The Riemannian metric on $\mathbb R$ is $g=dt^2$ and $\mathbb C$ induces a metric on $S^1$ by $h=\frac 1 2 (dz\otimes d\bar z+d\bar z\otimes dz)$.
For $f$ to be a local isometry, it has to be a local diffeomorphism and $f^*h =g$.
First we check that $f$ is a local diffeomorphism. Since you had trouble computing the differential, I will explain this in more detail. But first, please have a look on my answer here.
We see that, as written in the trivial chart, $f$ is obviously smooth and $df$ can be computed using the vector space derivative:
$$
df_t = (i e^{it}) \neq 0 \quad \forall t \in \mathbb R
$$
Hence the rank of $df$ is 1 and so $df_t$ is an isomorphism for each $t\in\mathbb R$.

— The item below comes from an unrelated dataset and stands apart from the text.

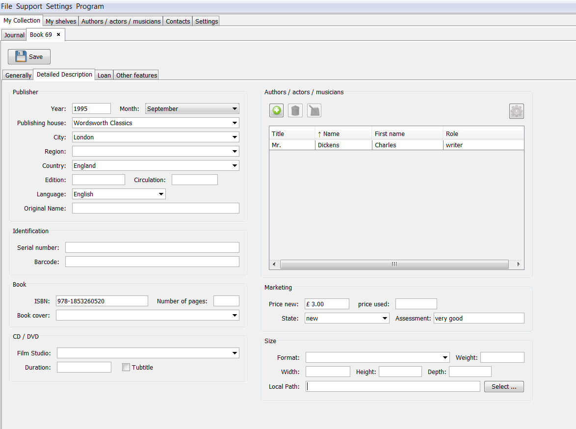 The program “Accounting of Books, CDs and other Collections” provides an excellent support to archive any collection, and is your great assistant, as well as a perfect gift for relatives and friends.

Secondly, we compute the pullback of $h$ under $f$. There are two ways of doing this. First, let us do it the "formal" way:
$T\mathbb R$ is spanned by $\partial_t = (1)$ and for that vector we find
$$
df(\partial_t) = (i e^{it}) \cdot (1) = i e^{it},
$$
hence
$$
\langle \partial_t, \partial_t \rangle = 1 = \frac 1 2 \left( (i e^{it})(-i e^{-it}) + (-i e^{-it})(i e^{it}) \right) = \langle df(\partial_t), df(\partial_t) \rangle.
$$
The (in my opinion) easier and more instructive way is the note that
$$
f^*dz := d(z\circ f) = d(e^{it}) = i e^{it} dt,
$$
and
$$
f^*d\bar z := d(\bar z\circ f) = d(e^{-it}) = -i e^{-it} dt,
$$
see also my answer here. Thus we have
$$
f^*h = \frac 1 2 \left(e^{it} e^{-it} dt^2 + e^{-it} e^{it} dt^2 \right) = dt^2 = g.
$$
Hence, $f$ is a local isometry.